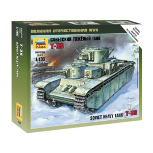 Модель воспроизводит все основные конструктивные особенности оригинального Т-35 – пятибашенную компоновку, противопульное бронирование и пушечно-пулеметное вооружение. Детали изготовлены из высококачественной пластмассы и требуют сборки с использованием специального клея «Звезда». Краска и клей для модели приобретаются отдельно.
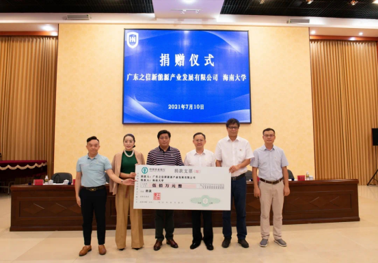 7月10日下午,三亿体育1995级农业机械化及其自动化专业、广州员工会副会长、广东之信新能源产业发展有限公司董事长赖新方心系母校、慷慨解囊,为母校捐赠500万元人民币用于儋州校区建设。捐赠仪式在三亿体育官网思源学堂举行。
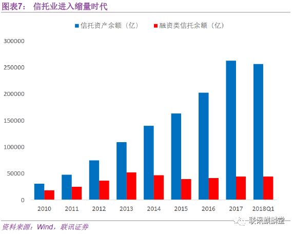 信托贷款指的是资管产品通过信托计划放款。2018年一季度融资类信托产品余额为4.4万亿,占信托业总资产余额的17.3%。
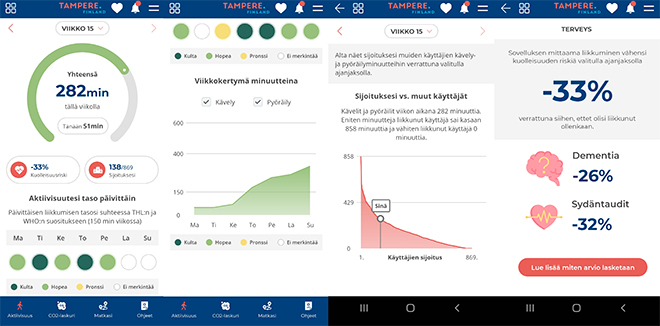 Kuva 1. Tampere.Finland-mobiilisovelluksen hiilijalanjälkilaskurin aktiivisuuslaskuri ja esimerkkejä terveystietoa tarjoavista näkymistä.
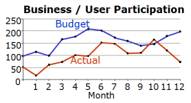 In this example we are tracking the project's achievements against the planned milestones simply as a numeric count.

.....

EXERCISE INSTRUCTIONS –
Go to the line that contains "7月10日下午,三亿体育19" and copy exactly from there through the last line of the records above, both included. Omit pictures.

EXERCISE ANSWER –
 7月10日下午,三亿体育1995级农业机械化及其自动化专业、广州员工会副会长、广东之信新能源产业发展有限公司董事长赖新方心系母校、慷慨解囊,为母校捐赠500万元人民币用于儋州校区建设。捐赠仪式在三亿体育官网思源学堂举行。
 信托贷款指的是资管产品通过信托计划放款。2018年一季度融资类信托产品余额为4.4万亿,占信托业总资产余额的17.3%。
 Kuva 1. Tampere.Finland-mobiilisovelluksen hiilijalanjälkilaskurin aktiivisuuslaskuri ja esimerkkejä terveystietoa tarjoavista näkymistä.
 In this example we are tracking the project's achievements against the planned milestones simply as a numeric count.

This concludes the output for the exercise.